In realtà, dietro l’unanimità le differenze restano. Scontata la vittoria del sì, le incognite sono in sostanza due. La prima, se la gente andrà a votare. La seconda, l’uso politico che si farà del referendum, non solo nella futuribile trattativa con Roma per indurla a essere un po’ meno «ladrona», ma soprattutto in vista delle regionali prossime venture. Ora, nonostante la molta pubblicità che Maroni sta facendogli, non sembra che a Bergamo il referendum scaldi molto i cuori. Di certo, molto meno dei recenti insperati exploit dell’Atalanta. Dietro il bancone di Balzer, il caffè storico, cadono dalle nuvole: referendum, quale referendum? E il sondaggio fai-da-te sul non meno storico Sentierone, la passeggiata dello struscio, dà per informati che si vota sei bergamaschi su dieci, con cinque intenzionati anche a farlo. Il famoso 50% che i leghisti indicano come soglia del successo, anche se in Lombardia, a differenza che in Veneto, il quorum non c’è.

«Il problema è che la sciura Maria si informa soprattutto dalla tivù, e la tivù ne parla poco», si lamenta il tosto segretario provinciale della Lega, Daniele Belotti. I leghisti sono in una posizione ambivalente. Per qualcuno nelle valli la vittoria del sì sarebbe il prologo a una secessione alla catalana. I dirigenti sono più realisti. Prendete Giovanni Malanchini, sindaco di Spirano, 5 mila anime nella Bassa, cavaliere dell’Ordine della polenta (sì, esiste davvero): «Io ho esposto la bandiera catalana e non dimentico che sulla mia tessera c’è scritto Lega Nord per l’indipendenza della Padania. La questione settentrionale resta aperta. Ma per la prima volta in trent’anni possiamo votare per l’autonomia, e in un’elezione vera, non nei gazebo. Un’occasione da non perdere. Semmai, bisogna spiegare bene agli anziani come funziona il voto elettronico». Insomma, un po’ di autonomia (forse) non sarà il federalismo ma, come si dice da queste parti, «piuttosto che niente è meglio piuttosto».

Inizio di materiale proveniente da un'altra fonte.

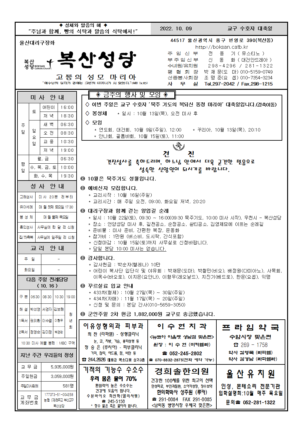 2022. 10. 09 - 교구 수호자 대축일
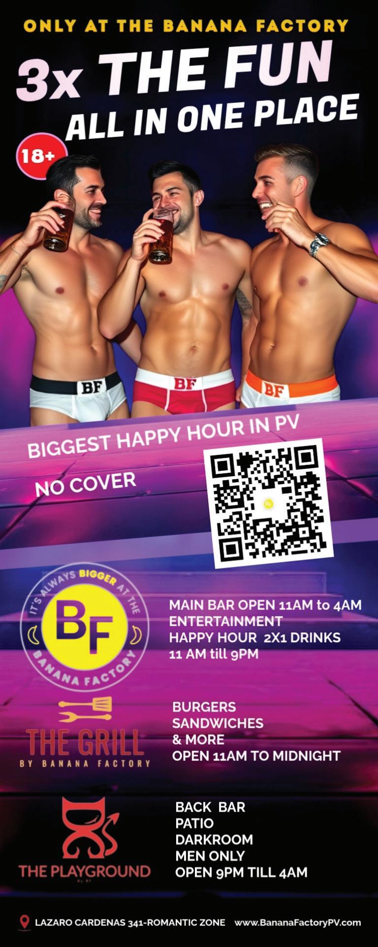 Despuésdequelaatencióndelmundofuepuestaa PuertoVallartaen1963graciasaLizTaylorseguidapor LaReinaen1983,cadaañohaymáscosasquehacerenel Vallartagay.Seabrennuevoslugares,yalgunoslugares másantiguosyestablecidoscambiandepropietario,administraciónodeubicación.Lagamadeentretenimiento localeinternacionalenvivo,actividadesdiurnasynocturnas,lugaresparacenaryalojamientogayhaaumentado cada año. Desde lo simple hasta lo lujoso, lo más elaborado y servicios personalizados, PV lo tiene todo parati.
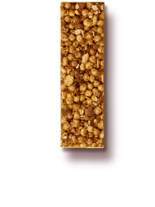 Kakao indeholdende korn krispies 17% (rismel, HVEDEmel, fedtfattig kakaopulver, sødMÆLKspulver 2%, sukker, majsmel, salt), majsflager 15% (majs, sukker, salt, BYG maltekstrakt), kokosfedt, glukosesirup, glukose-fruktosesirup, oligofruktose, dextrose, fuldkornsHAVREflager 5%, honning 5%, sukker, palmeolie, sødMÆLKspulver 3%, skummetMÆLKspulver 3%, stabilisator: glycerol, karamelliseret sukkersirup, salt, emulgator: lecithiner, naturlige aromaer.
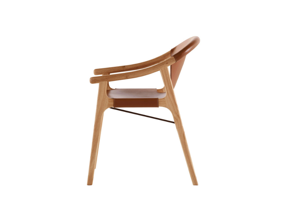 A curva de apoio dos braços, que ao mesmo tempo serve como travamento do encosto, evidencia a estrutura de madeira. Uma única peça de couro dá forma para encosto e assento, fazendo referência ao berço. Outro detalhe que traz sofisticação é o travamento metálico dos pés. Em diferentes acabamentos, resulta em uma peça versátil para atender diferentes estilos de públicos.
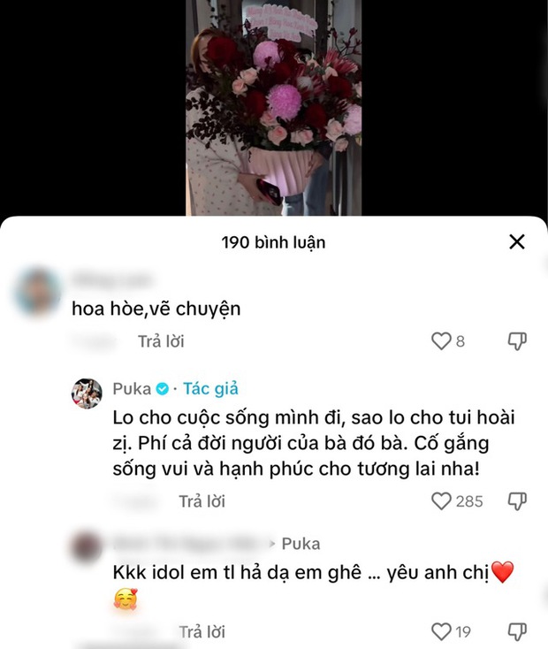 Đáng chú ý, một netizen bất ngờ để lại bình luận chê bai và chỉ trích vợ chồng Puka - Gin Tuấn Kiệt là "hoa hoè, vẽ chuyện". Nữ diễn viên sinh năm 1989 thẳng thắn lên tiếng đáp trả: "Lo cho cuộc sống mình đi, sao lo cho tôi hoài vậy. Phí cả đời người của bà đó bà. Cố gắng sống vui và hạnh phúc cho tương lai nhé".

Sul carro del sì è salito anche il Pd, trascinato da Giorgio Gori, ex televisionaro, attuale sindaco di Bergamo e futuro sfidante di Maroni per il Pirellone. «In realtà come al solito il Pd è diviso - accusa Belotti -. Metà partito non sta facendo campagna per paura che un successo del referendum tiri la volata a Maroni». Gori ovviamente non ci sta: «Maroni ha voluto un referendum di cui non c’era bisogno a ridosso delle regionali? Benissimo. Come a poker, andiamo a vedere. Specie l’affluenza. Fosse inferiore al 50% o a quella del Veneto, non credo che Maroni potrebbe cantare vittoria». E se invece fosse alta? «Beh, avremmo vinto entrambi. La posizione del Pd è chiara. Noi condividiamo gli obiettivi del referendum, anche se dire che così metà dei 54 miliardi di residuo attivo della Lombardia resteranno in regione è pura fantascienza. Non siamo d’accordo sullo strumento del referendum. Ma, visto che c’è, votiamo sì».

In tutto questo, è esploso come una bomba il documento dell’Ufficio per la Pastorale Sociale della Diocesi, scritto dal popolarissimo don “Chicco” Re, il prete in Harley. Spiega che il referendum «avrà solo effetti politici», che è l’inizio di un percorso incerto e che chiede agli elettori «quasi una delega in bianco». «Quando tutti sono d’accordo si rischia di non vedere i problemi che pure ci sono. Se si fa luce su qualcosa, se ne vedono anche le ombre», chiosa elegante e curiale don Giulio Della Vite, segretario generale della Diocesi. E a questo punto ognuno tira l’acqua santa al suo mulino. Il leghista Belotti: «La Curia ha perso il contatto con la gente e ha scavalcato a sinistra il sindaco di sinistra. Ma per fortuna non tutti i preti la pensano così. Molti parroci sono per il sì». Contrattacco di Gori: «Macché scavalcato. La Curia ha semplicemente smontato la fuffa propagandistica di Maroni e messo il referendum nella giusta prospettiva». Referendum consensuale, si diceva. Beh, fino a un certo punto.